The options for `result` are `repr` or `logits`.
`--include` specifies what embeddings to save. You can use the following:
- `per_tok` includes the full sequence, with an embedding per amino acid (seq_len x hidden_dim).
- `mean` includes the embeddings averaged over the full sequence, per layer (only valid for representations).
- `logp` computes the average log probability per sequence and stores it in a csv (only valid for logits).

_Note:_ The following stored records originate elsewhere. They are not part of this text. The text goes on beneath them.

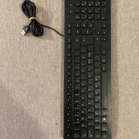 Dette er et Lenovo USB tastatur med dimensionerne 16,5x45 cm. Tastaturet har en standard layout med numerisk tastatur og funktionstaster. Tastaturet tilsluttes ved hjælp af et USB-kabel, hvilket gør det kompatibelt med de fleste computere. Det er ideelt til både kontorbrug og dagligdags opgaver.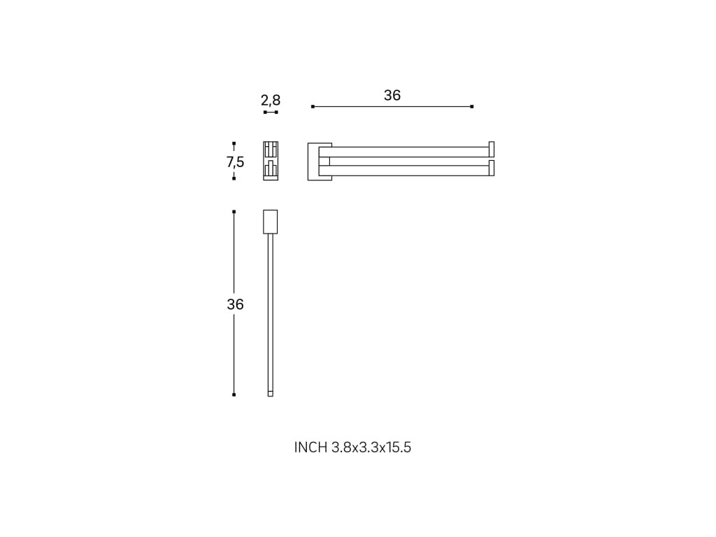 The double swivel towel rail from the Bathlifea collection stands out for its modern simplicity and impeccable details, offering functional solutions that enhance the sophistication of any space. Made of high-quality metal, it guarantees durability and resistance, making it ideal for everyday use. Measurements: 3 cm x 36.5 cm x 7.5 cm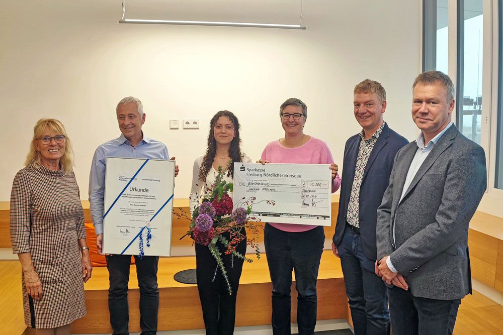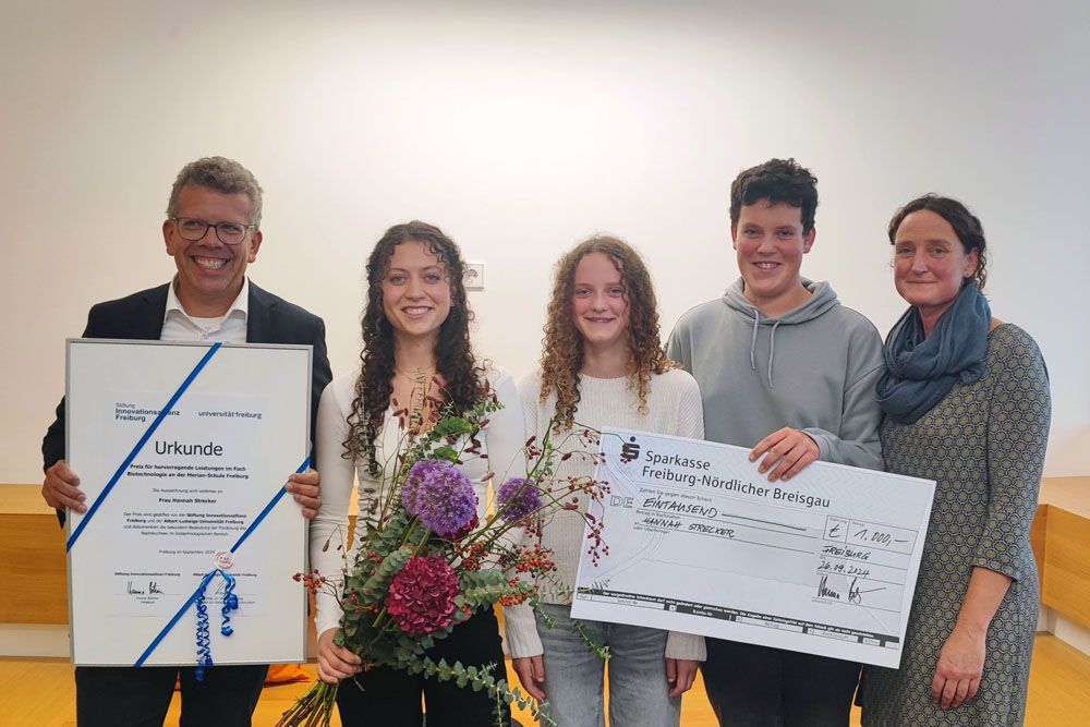 Anna Sander (Fachlehrerin Merian Schule), Prof. Dr. Stefan Rensing (Prorektor für Forschung und Innovation Universität Freiburg), Hannah Strecker (Preisträgerin), Hanna Böhme (Stiftungsvorständin Innovationsallianz), Markus Henkes (Schulleiter Merian-Schule Freiburg), PD Dr. Ralf Meyer (Fachabteilungsleiter Berufliche Gymnasien, Merian-Schule)
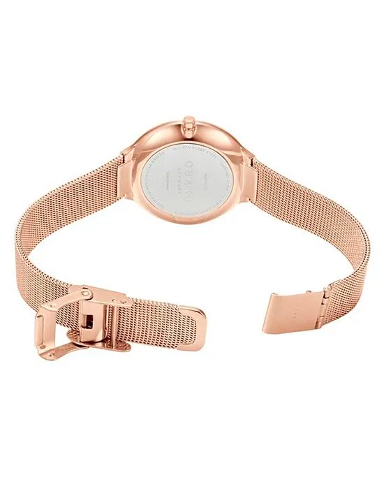 Лучшие цены. Женские кварцевые часы. Центральные часовая и минутная стрелки. Белый циферблат. Круглый корпус выполнен из полированной нержавеющей стали с IP покрытием цвета розового золота. Диаметр корпуса составляет 32 мм, толщина 5 мм. Стальной браслет с покрытием выполнен в технике миланского плетения, раскладная застежка. Устойчивое к возникновению царапин сапфировое стекло. Водостойкость WR 30 (брызги). Магазины в вашем городе.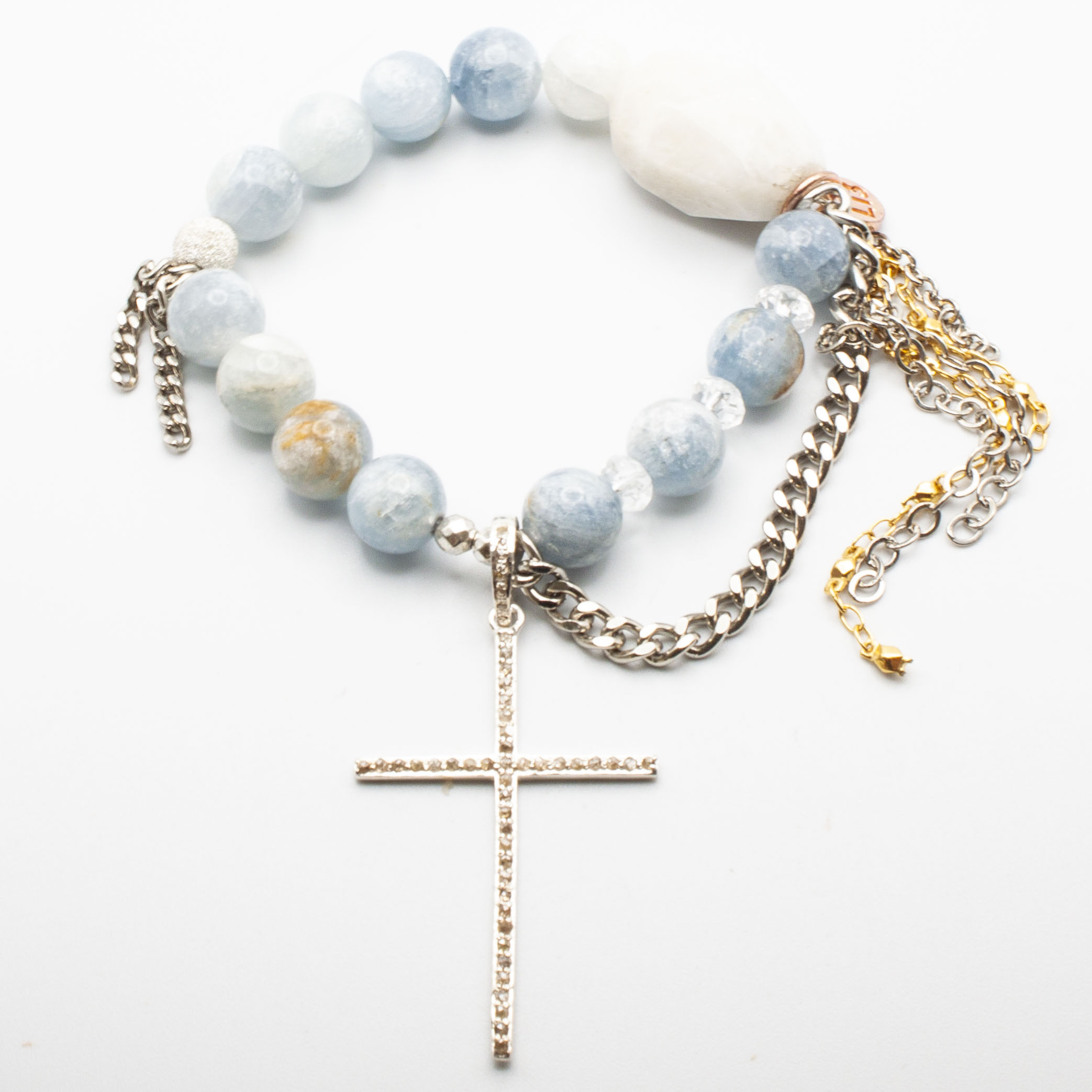 Celestite with a Diamond Cross. Sterling silver stardust accent bead and silver rhodium chain and tasseling. 10mm 7″ stretch bracelet.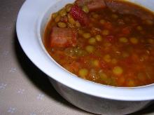 | Spicy Lentil Tomato Soup With Ham Recipe - Food.com chicken stock, thyme, oregano, cayenne pepper, basil, lentil, chickpea, carrot, onion, garlic, celery, tomato, cabbage, ham, salt From 1001 Slow Cooker Recipes Serving Size: 1 (549) g Servings Per Recipe: 6 AMT. PER SERVING % DAILY VALUE Calories: 222.5 Calories from Fat 28 g 13 % Total Fat 3.1 g 4 % Saturated Fat 0.8 g 3 ...

`scripts/extract.py` also has a `--device` flags. For example, to use GPU 2 on a multi-GPU machine, pass `--device cuda:2`. The default is to use `cpu` if cuda is not detected or `cuda:0` if cuda is detected.
## Biosynthetic gene cluster CARP (BiGCARP)
We make available pretrained CNN Pfam domain masked language models of BGCs. All of these have a ByteNet encoder architecture and are pretrained on antiSMASH using the same masked language modeling task as in BERT and ESM-1b.